GIVEN ENTRIES:

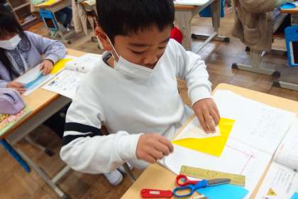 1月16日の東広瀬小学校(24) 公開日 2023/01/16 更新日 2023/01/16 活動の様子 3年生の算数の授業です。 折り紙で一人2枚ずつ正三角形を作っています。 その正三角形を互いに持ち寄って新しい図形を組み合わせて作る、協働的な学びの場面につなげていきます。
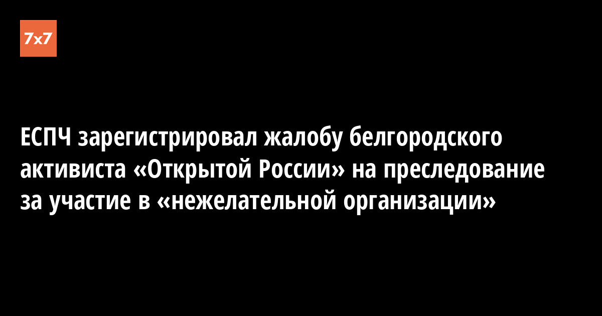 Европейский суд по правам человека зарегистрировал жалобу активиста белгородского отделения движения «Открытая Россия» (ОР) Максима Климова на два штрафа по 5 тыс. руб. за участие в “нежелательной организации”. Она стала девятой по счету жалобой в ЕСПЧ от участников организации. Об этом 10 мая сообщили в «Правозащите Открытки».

--

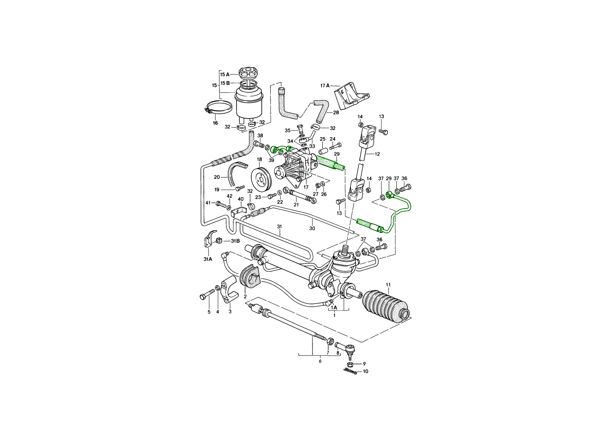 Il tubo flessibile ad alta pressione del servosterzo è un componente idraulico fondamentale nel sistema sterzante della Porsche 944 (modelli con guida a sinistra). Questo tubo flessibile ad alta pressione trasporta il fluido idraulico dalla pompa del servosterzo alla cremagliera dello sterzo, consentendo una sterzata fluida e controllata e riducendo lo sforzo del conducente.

--

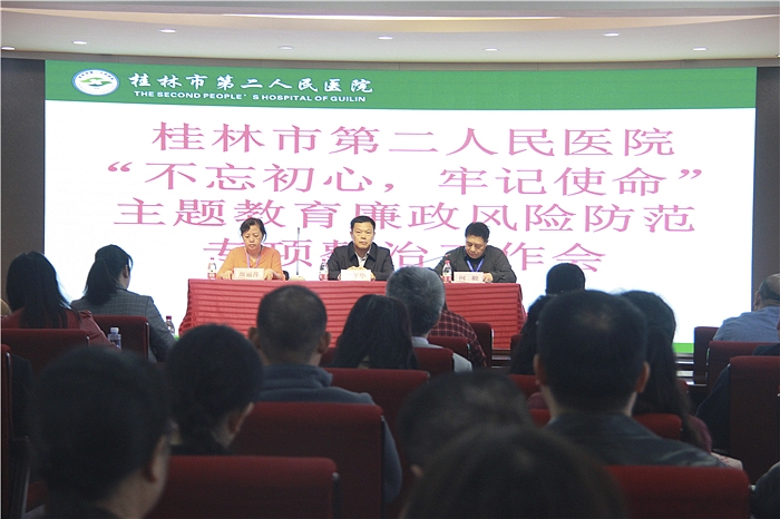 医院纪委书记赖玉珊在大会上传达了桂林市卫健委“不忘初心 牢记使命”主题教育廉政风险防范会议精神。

TASK GOAL: Starting from the line with "1月16日の東広瀬小学校(24) 公開日 2023/01/16" in the records above, repeat each line exactly until you have written the line with "Европейский суд по", then stop; drop the pictures.

EXPECTED OUTPUT:
 1月16日の東広瀬小学校(24) 公開日 2023/01/16 更新日 2023/01/16 活動の様子 3年生の算数の授業です。 折り紙で一人2枚ずつ正三角形を作っています。 その正三角形を互いに持ち寄って新しい図形を組み合わせて作る、協働的な学びの場面につなげていきます。
 Европейский суд по правам человека зарегистрировал жалобу активиста белгородского отделения движения «Открытая Россия» (ОР) Максима Климова на два штрафа по 5 тыс. руб. за участие в “нежелательной организации”. Она стала девятой по счету жалобой в ЕСПЧ от участников организации. Об этом 10 мая сообщили в «Правозащите Открытки».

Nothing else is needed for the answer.